A Lei no 13.183, de 2015, instituiu a adesão automática à Fundação de Previdência Complementar do Servidor Público Federal (Funpresp). A Funpresp (1) funciona desde 2013 como regime de previdência complementar facultativo para novos servidores que ganham acima do teto do INSS. Esses servidores podem ou não aderir a esse regime de previdência complementar para receber benefícios acima do teto do INSS (assim como ocorre com trabalhadores da iniciativa privada). O principal atrativo da Funpresp é a contribuição da União, que entra com contrapartida de até 100% da contribuição individual do servidor, aumentando o valor capitalizado.

De 2013 até o fim de 2015, os novos servidores efetivos da União tinham que se manifestar para serem incluídos neste regime: o ingresso no serviço público por si não constituía adesão. Com a adesão automática, a inscrição na Funpresp continua sendo facultativa, mas os novos servidores devem agora se manifestar para sair do regime, o oposto da situação anterior. Tal opção inclui o ressarcimento de valores já pagos (2).

O texto da justificativa da Emenda no 34, do Deputado Gonzaga Patriota (3), que incluiu a adesão automática na MP, argumentava que apenas 15% de 60 mil servidores elegíveis ingressaram na Funpresp desde sua criação. A justificativa defende também que os servidores que optam por não ingressar terão perdas significativas de renda no futuro, e que a adesão automática foi adotada em muitos países para contornar esta situação.

A adesão automática é um nudge, um dos principais instrumentos que a economia comportamental prescreve para adoção dos governos. A tradução literal do termo nudge seria “empurrão”, e, por isso, seguimos outros autores e a versão brasileira do Guia de Economia Comportamental e Experimental, usando neste texto o termo no original. Um nudge seria um reenquadramento de escolhas, feito com intuito de superar os vieses inconscientes que levam indivíduos a tomar decisões consideradas não-adequadas pelos próprios tomadores de decisão.

Este enquadramento, por um lado, não altera os incentivos econômicos existentes, e, por outro, também não obriga um indivíduo a seguir qualquer direção específica.
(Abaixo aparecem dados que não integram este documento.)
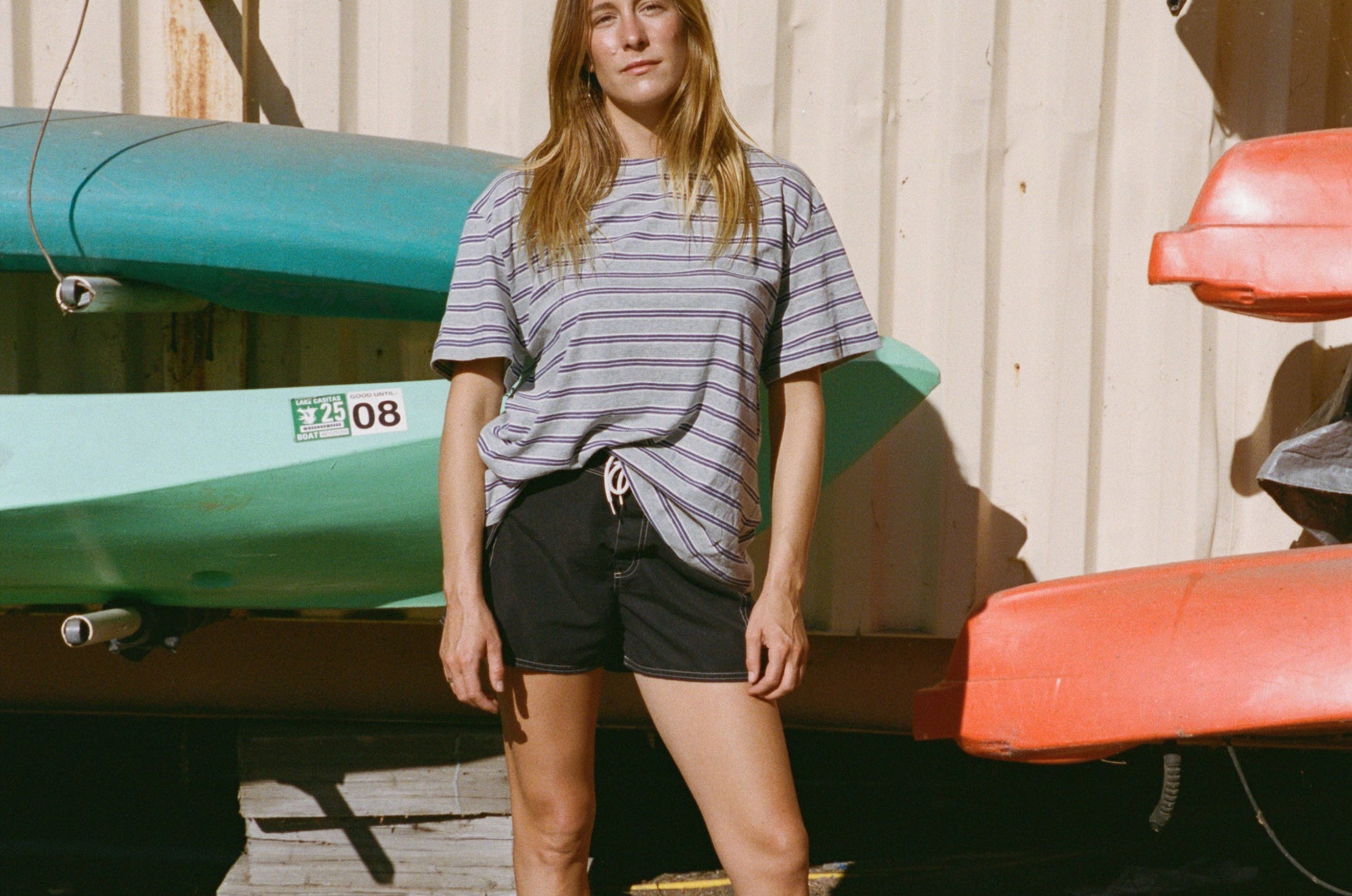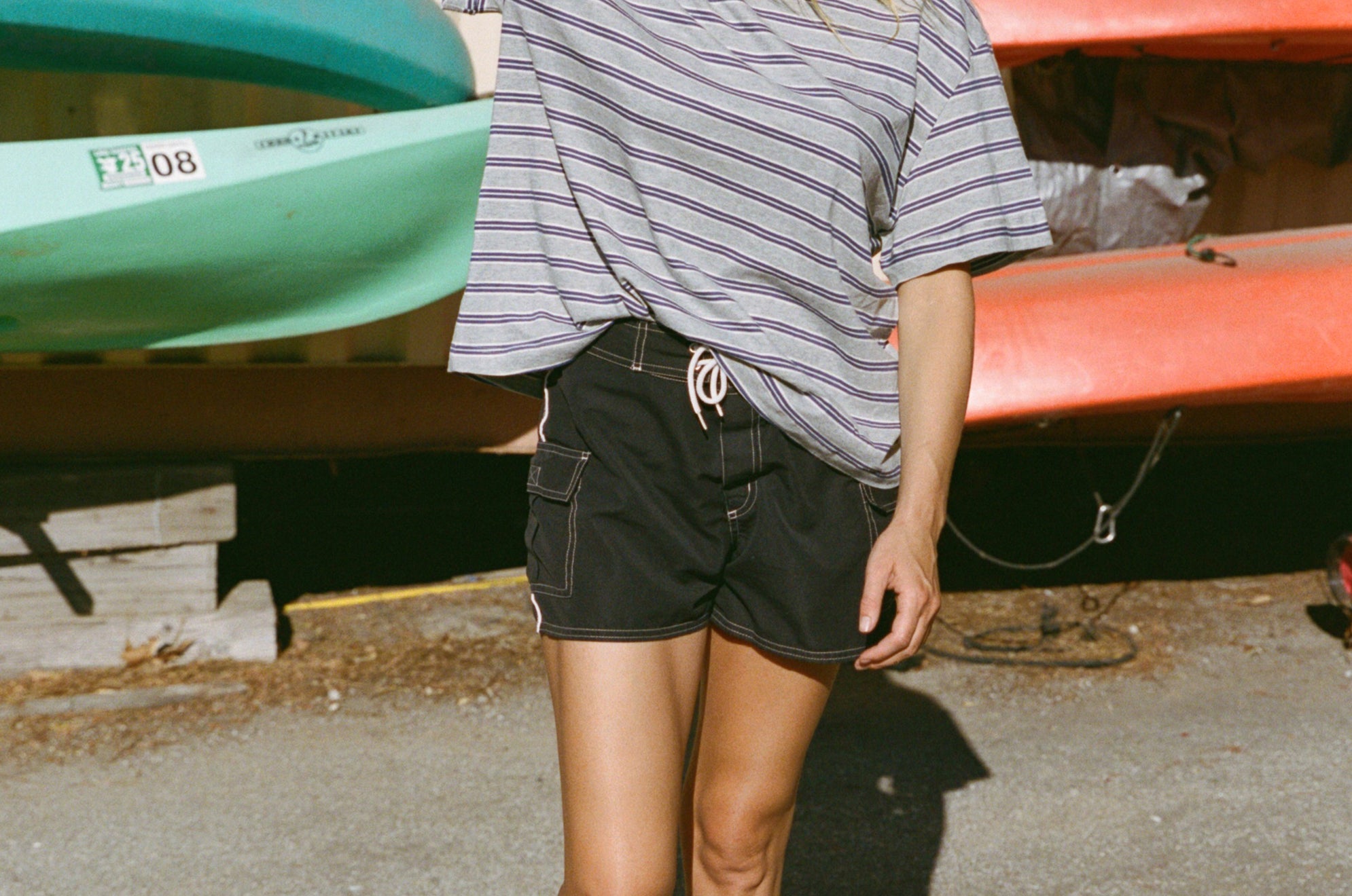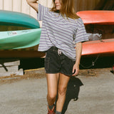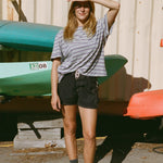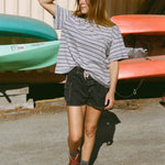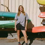 The Boifriend T-Shirt is an easy everyday staple with a relaxed, oversized fit. Made from a lightweight cotton blend, it features a boxy silhouette, pre-rolled sleeves, and a playful stripe pattern with a pop of color. Comfortable and versatile, it’s designed to be worn again and again. Ethically made in Los Angeles.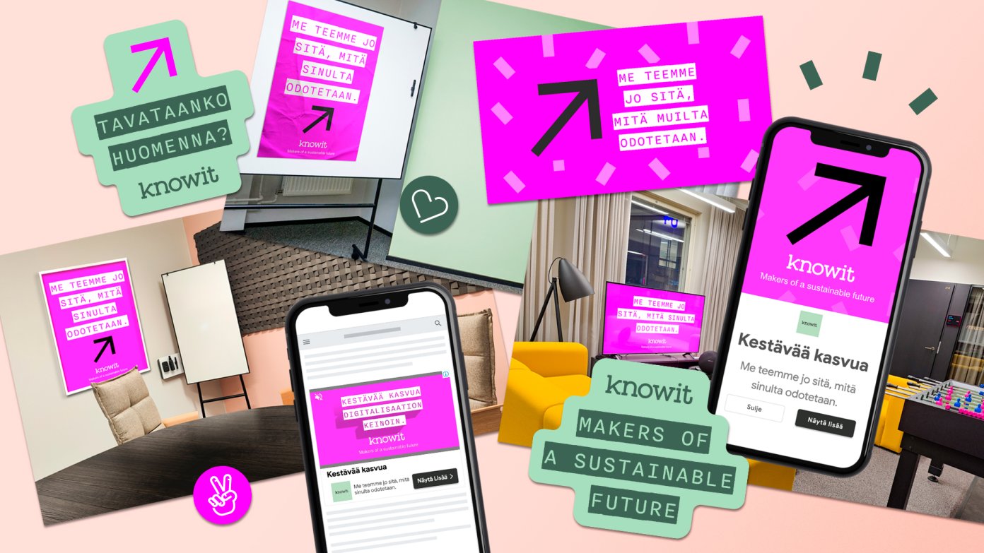 Grundlagen tiimin kanssa energiat kohtasivat ja kyky kuunnella yhdistettynä rohkeaan haastamiseen tuntui meille oikealta yhdistelmältä", todettiin Knowitilla, jossa kampanjasta vastasivat projektijohtaja Kaisa Oksanen, Knowit Experiencen Jani Järvinen ja tuore brändijohtaja Pekka Nurmi. Lähdimmekin porukalla kiteyttämään Knowitin roolia markkinassa ja nostamaan yrityksen profiilia niin asiakkaiden kuin nykyisten ja tulevien työntekijöiden silmissä. Oivaltava kulma löytyi asettumalla kohderyhmän asemaan ja tilanteeseen.

Segundo Sunstein (2013), nudges podem ser alertas (como os das embalagens de cigarros), defaults (“escolhas padrão”, como na escolha pela configuração de um software) ou requerimentos de divulgação de informações ao público de maneira clara e inteligível (4). Sunstein considera a abordagem dos nudges simples e barata, com potencial de fazer as pessoas “mais saudáveis, ricas e felizes”.

Thaler e Sunstein (2008) usam o termo “arquitetura de escolha” para definir os nudges. Este tipo de “arquitetura” é responsável por organizar o contexto em que as decisões são tomadas: “Um nudge é qualquer aspecto da arquitetura da escolha que altera o comportamento das pessoas de modo previsível sem proibir quaisquer alternativas nem alterar significativamente seus incentivos econômicos”. Eles defendem que o emprego adequado dos nudges poderia ajudar a solucionar muitos dos principais problemas da sociedade.

Um requisito para uma intervenção ser considerada um nudge é o fato de ser fácil e barato poder evitá-la, já que a opção “sugerida” pelo nudge não pode ser obrigatória. De fato, a principal controvérsia em relação aos nudges é a “ameaça” à liberdade do indivíduo alvo da intervenção, como será visto mais adiante.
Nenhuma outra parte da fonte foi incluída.